Early Childhood Development is multidimensional, encompassing several aspects of a child’s well-being. Measuring it is a growing science. Even though there is a plethora of evidence in the developed world on the necessity and positive impact of early childhood interventions, knowledge on child development and evidence on what works in different geographic, socio-cultural and economic contexts, in developing countries, is still emerging.

UNICEF has been working with countries and partners to close this knowledge gap by developing indicators to measure the status of ECD outcomes through the Multiple Indicator Cluster Surveys (MICS). Indicators designed to assess the quality of a child’s home environment and access to early childhood care and education were included in the third round of MICS (MICS3), implemented mainly in 2005 and 2006. These indicators provide very good estimates of the quality of the child’s proximal and most important contexts for stimulating and supporting positive development. The majority of countries participating in MICS3 included these indicators on early learning and child development, representing the first time that data on these specific topics were collected from such a large cross-section of low- and middle-income countries.

For the fourth round of MICS (MICS4), data collection was expanded to include an Early Child Development Index (ECDI) that aims to measure the developmental status of children within four domains: literacy-numeracy, physical, and social-emotional development.
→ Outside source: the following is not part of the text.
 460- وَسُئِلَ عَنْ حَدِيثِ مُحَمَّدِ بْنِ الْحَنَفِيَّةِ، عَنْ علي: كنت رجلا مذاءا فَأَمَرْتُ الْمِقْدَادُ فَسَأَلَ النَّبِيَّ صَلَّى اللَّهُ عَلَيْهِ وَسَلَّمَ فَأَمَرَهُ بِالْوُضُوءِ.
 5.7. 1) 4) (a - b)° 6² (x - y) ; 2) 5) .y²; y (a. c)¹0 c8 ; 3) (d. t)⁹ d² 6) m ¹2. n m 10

By doing so, now the MICS is one of the only global sources to measure children’s outcomes in a holistic manner in the early childhood years. An important advantage of MICS is the ability to disaggregate the data to reveal important inequities faced by children such as those related to gender, area of residence, ethnicity and household poverty.
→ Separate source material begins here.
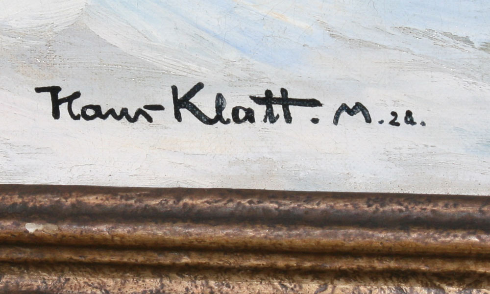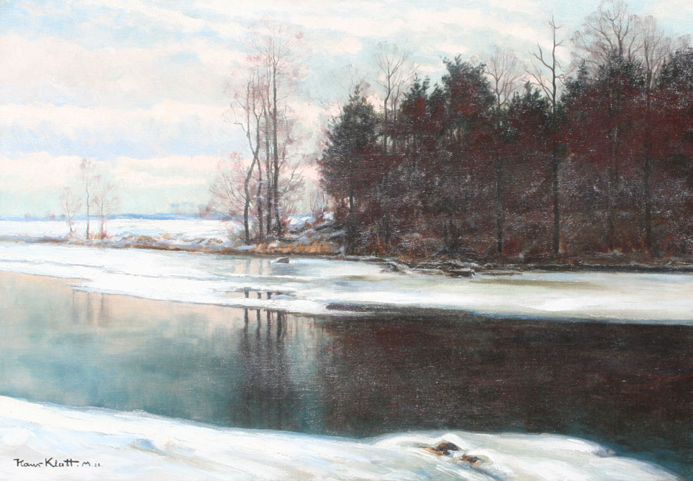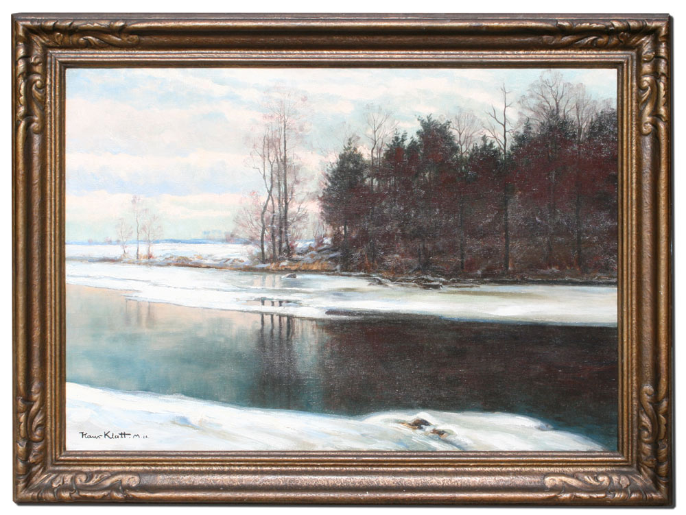 KLATT, Hans, (German, 1876-1936): ''Winter en der Ost?'' Large Snowy Winter River Landscape, OIL/Canvas, 28'' x 39 1/2'', signed and dated '24, encased in heavy period carved and gilded frame with mild wear, 35 1/2'' x 47''.

The data on ECD progress collected through MICS provide a compelling case for more effective, better resourced and targeted interventions on early childhood development and for advocacy with national governments to improve the conditions for young children.  Latest data from MICS4 on key ECD indicators at the global and regional levels can be accessed here.
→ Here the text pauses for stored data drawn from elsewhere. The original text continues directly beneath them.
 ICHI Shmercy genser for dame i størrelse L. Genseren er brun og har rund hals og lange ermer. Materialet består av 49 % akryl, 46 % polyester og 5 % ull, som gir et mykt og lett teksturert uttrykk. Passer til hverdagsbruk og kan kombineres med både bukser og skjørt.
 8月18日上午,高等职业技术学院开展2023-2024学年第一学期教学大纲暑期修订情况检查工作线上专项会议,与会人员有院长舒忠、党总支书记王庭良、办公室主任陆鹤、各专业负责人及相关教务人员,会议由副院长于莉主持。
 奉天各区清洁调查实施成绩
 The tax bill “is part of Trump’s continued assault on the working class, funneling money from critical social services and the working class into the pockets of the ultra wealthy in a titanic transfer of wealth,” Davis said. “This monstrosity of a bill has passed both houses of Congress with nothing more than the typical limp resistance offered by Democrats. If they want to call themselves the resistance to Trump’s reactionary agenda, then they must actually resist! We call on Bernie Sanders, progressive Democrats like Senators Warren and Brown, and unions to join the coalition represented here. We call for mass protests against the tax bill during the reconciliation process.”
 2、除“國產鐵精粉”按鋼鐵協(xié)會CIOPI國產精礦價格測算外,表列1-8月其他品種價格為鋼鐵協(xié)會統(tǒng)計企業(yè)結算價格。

In addition to outcome level indicators measured through MICS, recently UNICEF also developed a new conceptual framework called “Monitoring Results for Equity System” (MoRES), to monitor input and output level indicators such as supply and demand bottlenecks that may impede programme implementation. The MoRES framework is designed so that UNICEF systems and strategies can be adjusted at a rapid pace towards equity re-focus and orientation to achieve results. For ECD, MoRES indicators exist in the area of Organized Early Learning.